Furthermore, we analyzed the effectiveness of LDP, which strongly reduces the number of peripheral T cells. In non-responders, LDP seemed to be not as effective as in responding patients, since significantly more CD3+ T cells and in particular CD3+CD8+ T cells were still detectable on day 0 (p < 0.05, Fig. 3C).

These results illustrate that success of Ide-cel therapy is already affected by the T cell composition of PB at time of leukapheresis as well as by the success of LDP prior to CAR T cell infusion.

Successful CAR T cell therapy impacts bystander T cells

In order to determine the effect of CAR T cells on bystander cells, we analyzed differences in the entire T cell compartment post-infusion. At all analyzed time points a mixture of CAR and non-CAR T cells was present (Fig. 4A). For CD4+ T cells the vast majority were untransfected at all time points and regardless of response. However, the distribution of CAR and non-CAR CD8+ T cells differed between PD and non-PD patients. In responders, the percentages of CD8+ CAR T cells approximated CD8+ non-CAR T cells 7 and 14 days after CAR T cell infusion. In contrast, CD8+ non-CAR T cells prevailed at all time points in non-responders, presumably due to the increased number of CD8+ T cells prior to infusion, which reduced the capability of CAR T cell expansion.

Fig. 4: Effects of CAR T cell infusion of bystander T cells.
figure 4

A Distribution of CAR and non-CAR CD4+ (top) as well as CD8+ (bottom) T cells in PB of non-PD and PD patients 7, 14, and 30 days after CAR T cell infusion. B Proportions of naïve (CD45RA+CD45RO-CCR7+), central memory (CD45RA-CD45RO+CCR7+), effector memory (CD45RA-CD45RO+CCR7-), and effector (CD45RA+CD45RO-CCR7-) CD4+ (top) as well as CD8+ (bottom) T cells in PB of non-PD and PD patients at day of leukapheresis and 7, 14, 30, and 100 days after CAR T cell infusion. C Percentages of CD25+CD127low Treg cells as well as D PD-1+ cells within CD3+ T cell compartment in PB of non-PD and PD patients on day of leukapheresis (D) and on days 0, 7, 14, 30, and 100 (C, D). Mann–Whitney U test was performed to calculate significances between A CAR and non-CAR T cells, B non-PD and PD patients, C day 0 and days after CAR T cell infusion (7, 14, 30, and 100) and D day of leukapheresis (LA) and days 0, 7, 14, 30 and 100. *p < 0.05, **p < 0.01, ***p < 0.001, ns not significant.
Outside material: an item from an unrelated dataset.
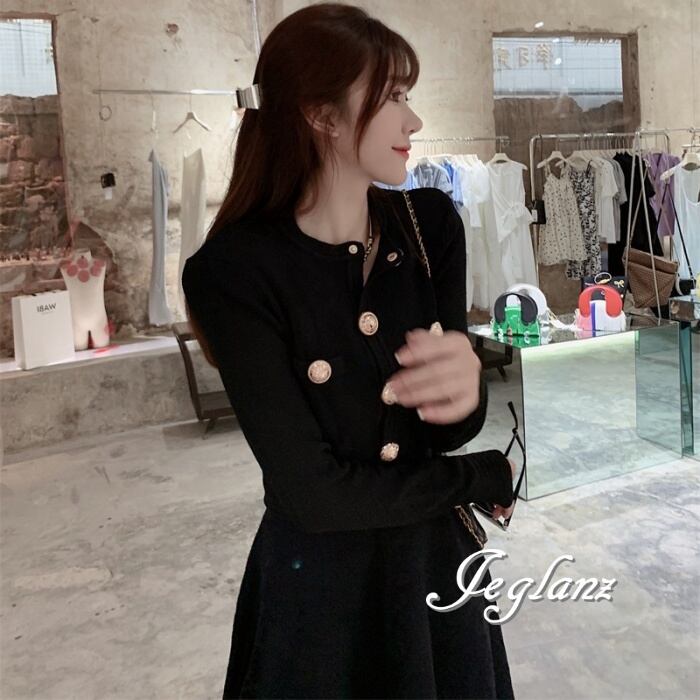 セットアップ 2点 ニット カーディガン ゴールドボタン スカート 高見え(M4922)μ

Analysis of the T cell differentiation (Fig. 4B) showed that while PBMCs at day of leukapheresis still contained around 10–15% naïve CD4+ T cells regardless of later response, after CAR T cell infusion naïve CD4+ T cells were negligible and almost the entire population exhibited either a central memory or an effector memory phenotype.

Regarding CD8+ T cell differentiation shortly after CAR T cell infusion, effector memory CD8+ T cells outbalanced all other cell types. This effect was even more pronounced in non-PD patients, especially at early time points. Additionally, the proportion of effector CD8+ T cells increased over time.

Further analysis of the T cell compartment revealed a progressively reducing proportion of Treg cells after CAR T cell infusion in PD and non-PD patients (Fig. 4C). Simultaneously, PD-1-expressing T cells increased significantly post-infusion as compared to time of leukapheresis in responding patients (p < 0.01, Fig. 4D). In contrast, in PD patients the proportion of T cells expressing PD-1 remained on a constantly high level similar to the time of leukapheresis.

CRS and CAR T cell dynamics

After CAR T cell infusion, most patients experienced a CRS grade I or II and required tocilizumab application (no CRS: n = 5, CRS/without tocilizumab: n = 15, CRS/with tocilizumab: n = 7). However, the occurrence of CRS and the treatment with tocilizumab did not affect the outcome of Ide-cel treatment (Table 1). No cases of neurotoxicity were observed.

Analysis of serum C-reactive protein (CRP) levels revealed a strong increase shortly after infusion in most patients without evidence for microbial infections (Fig. 5A). Comparison of the maximum CRP value during the in-patient stay (Fig. 5B) showed a significant increase in patients with response as compared to PD patients (p < 0.05), reflecting a connection between a cytokine-driven inflammation and response. The maximum CRP level was elevated in patients with CRS as compared to patients without CRS and was highest in patients with CRS and tocilizumab treatment (p < 0.05). In fact, 30 days after CAR T cell treatment CRP values normalized in all patients.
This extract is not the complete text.